* REQUIRED ACTION *
From the listing below, set down exactly the lines between the one holding "<B>1936 25C PR66" and the one holding "Spitfire MkIXb RAF", inclusive. No other line is wanted.

* WORKING DATA *
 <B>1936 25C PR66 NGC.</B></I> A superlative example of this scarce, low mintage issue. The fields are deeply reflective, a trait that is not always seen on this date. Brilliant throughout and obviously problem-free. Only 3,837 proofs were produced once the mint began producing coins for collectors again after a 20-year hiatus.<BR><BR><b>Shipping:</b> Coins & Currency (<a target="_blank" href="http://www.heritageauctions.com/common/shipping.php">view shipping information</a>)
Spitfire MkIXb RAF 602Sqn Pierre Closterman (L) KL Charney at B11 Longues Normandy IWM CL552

--

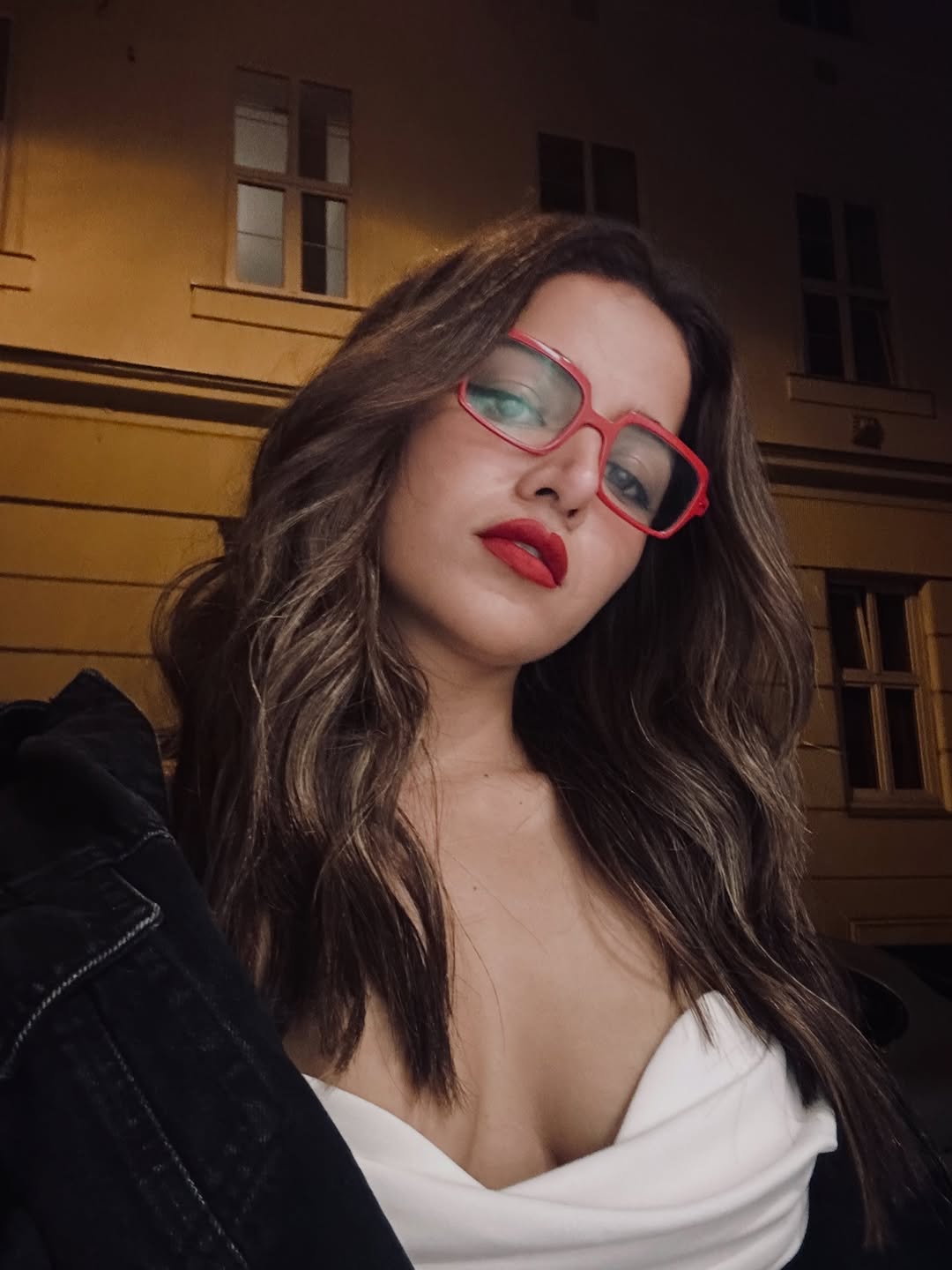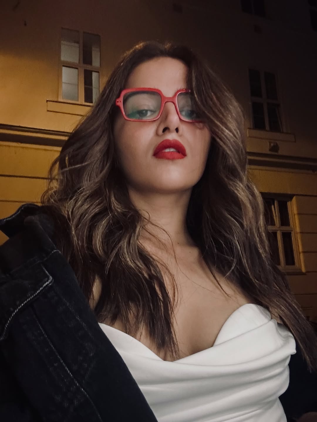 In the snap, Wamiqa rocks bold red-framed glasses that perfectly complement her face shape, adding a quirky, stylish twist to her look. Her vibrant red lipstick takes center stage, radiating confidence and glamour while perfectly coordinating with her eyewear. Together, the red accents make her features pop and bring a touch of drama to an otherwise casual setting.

* RESPONSE BELOW *
 <B>1936 25C PR66 NGC.</B></I> A superlative example of this scarce, low mintage issue. The fields are deeply reflective, a trait that is not always seen on this date. Brilliant throughout and obviously problem-free. Only 3,837 proofs were produced once the mint began producing coins for collectors again after a 20-year hiatus.<BR><BR><b>Shipping:</b> Coins & Currency (<a target="_blank" href="http://www.heritageauctions.com/common/shipping.php">view shipping information</a>)
Spitfire MkIXb RAF 602Sqn Pierre Closterman (L) KL Charney at B11 Longues Normandy IWM CL552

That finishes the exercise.